Reputation: 9134
Node.js verify function does not verify signature when openssl command line does
I am trying to use the Node.js crypto module to verify a signature for some data. I am using Node.js 0.8.0.
The data in a file has been hashed using the MD5 algorithm and signed using a private RSA key, and the signature saved to a separate file. This has all been done using Java libraries.
If I use openssl to verify the signature this is successful, using:
openssl dgst -verify mykey.pem -signature example.sig hello.txt
It responds with Verified OK. If I change a single character of hello.txt it does not verify.

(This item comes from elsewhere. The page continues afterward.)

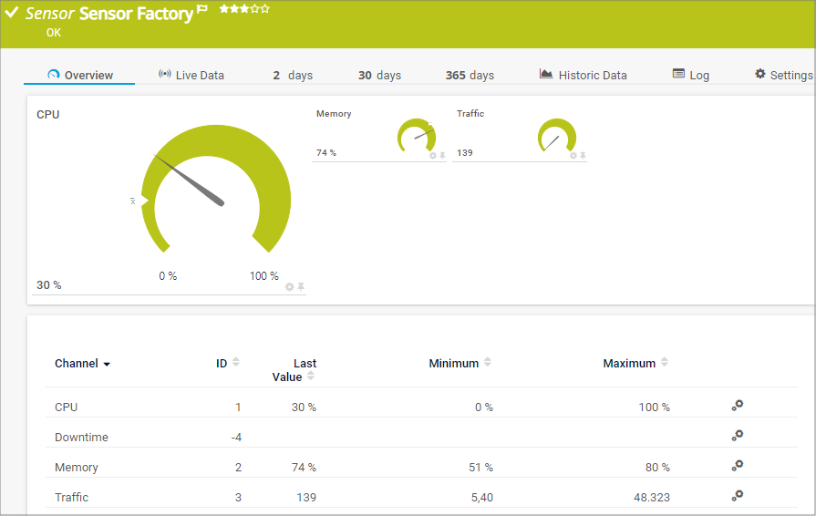 - Show warning status when one or more source sensors are in down status: If at least one source sensor that you use in a channel definition is in the Down status, the Sensor Factory sensor shows the Warning status until all referred sensors leave the Down status.

I can add a -MD5 parameter to the above command and it still works, but I presume this is the default, but if I say -MD4 or -SHA it does not verify. This is all good.
If I then try to use the Node crypto module, which wraps openssl, I cannot get this verification to work.
My example code is:
var crypto = require("crypto");
var fs = require("fs");
var data = fs.readFileSync("./hello.txt");
var pubkey = fs.readFileSync("./mykey.pem", "utf8");
var signature = fs.readFileSync("./example.sig");
var verifier = crypto.createVerify ('RSA-MD5');
verifier.update (data);
var success = verifier.verify (pubkey, signature);
console.log(success);
This allways outputs false. I have tried:
- reading the data as 'utf8' and 'ascii' encoded, as it is a text file.
- reading the key as 'ascii' encoded (I have reason to think the key is fine as I was getting some exceptions when I was loading an incorrectly encoded key at one point)
- using MD5 instead of RSA-MD5 as the digest algorithm
- loading a base64 encoded signature rather than binary, and putting the 'base64' parameter on the verify function.
Am I misinterpreting that my code is performing the same operation as the openssl command line I show here? Any suggestions for how to resolve this?
Update: I have also tried using a self-signed trusted certificate rather than just a key. I have confirmed that openssl verifies the certificate, and yet the node crypto library does not verify the file.
Upvotes: 5
Views: 5869
Answers (1)
Reputation: 9134
I finally found that it was a signature format problem - verify has a third parameter, which defaults to 'binary' when I had the 'hex' format.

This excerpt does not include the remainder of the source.